Our approach to working with women is holistic and trauma informed. Women’s lives are complicated. They often have multiple needs. We take a holistic approach which works with the whole woman, not just one issue or problem area.
Women we work with typically present with 4 or more of the following needs.
Our approach is non-judgemental and relational and we work both on a one-to-one basis and in groups.
We help women to access other specialist services and help to co-ordinate this support around the woman. It is a distinct way of working that is both holistic and psychologically informed and balances support and empathy with boundary setting, challenging and pro-social modelling.
Q: Why are women referred to you?
A: Women are referred to our holistic support service because they are facing a crisis. Sometimes they find themselves in the criminal justice system. Other times they are involved in social care services as a result of a safeguarding issue. Some are referred because they are unable to address their mental health needs through mainstream services, or are struggling to keep themselves safe. Underlying all of this is usually a history of trauma as a result of childhood abuse, domestic violence, sexual violence and neglect.
Q: So the support you provide depends on what has been happening to the woman?
A: Yes. Women who have been through trauma are significantly more likely to experience depression, anxiety, self harm and be service users of mental health services. They are more likely to live in poverty, to be repeat victims of violence, to misuse alcohol and drugs, to be diagnosed with a severe and enduring mental health problem and become involved in the criminal justice system.

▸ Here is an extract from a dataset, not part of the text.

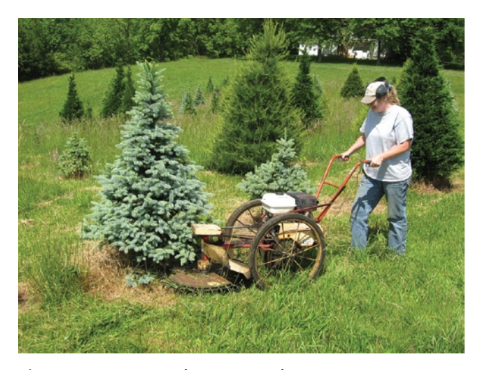
Figure 4. A motorized mower, as shown, is an asset to any Christmas tree operation. It can aide control of vegetation in and around the growing trees, and it can be used by the grower to clear alleys and walkways so as to maintain easy access to all areas of the production site.

Revenue from the sale of Christmas trees depends on market conditions, quality of trees, and method of selling. If trees are planted on a 7-foot by 6-foot spacing (1,050 trees per acre), 60 percent of the trees survive and become merchantable, and the wholesale price for trees cut and stacked by the buyer is $15 to $20 per tree, the grower will earn about $10,000 to $12,000 per acre over a seven- to 10-year period. Good growers who increase their harvest efficiency to 80 percent and produce more valuable species such as spruce or fir, which sell for as much as $25 per tree, can earn up to $15,000 per acre. Furthermore, if the grower sells his trees on retail lots, he may earn an additional 50 percent.

Q: What kinds of issues are they trying to cope with?
A: A lot of them have low self-worth, and often come to us angry or frightened. In many cases they are socially isolated and find it difficult to take a longer term view. They often present with behaviours and coping strategies that are interpreted as anti-social. Often, they are seen as someone who is a problem rather than someone who has a problem
Q: So they feel ‘locked’ into their patterns of behaviour?
A: Yes, they can often find it hard to change their circumstances and patterns of behaviour. These issues also mean that they find it difficult to access mainstream support and a common pattern is engaging in short term, limited care when in crisis which often fails to make lasting changes to medium and long-term outcomes. They often find forming and maintaining relationships difficult and can experience their lives as chaotic. Making changes can also put them at risk of further violence and abuse.
Q: So what do you do to help break this cycle?
A: We offer a ‘trauma-informed’ system of care which involves the integration of trauma concepts and trauma sensitive responses into our day-to-day practice. The way in which we design and deliver our services takes into account a woman’s history of trauma and how this helps us to understand and help her.
Q: What does a ‘trauma-informed’ system of care look like?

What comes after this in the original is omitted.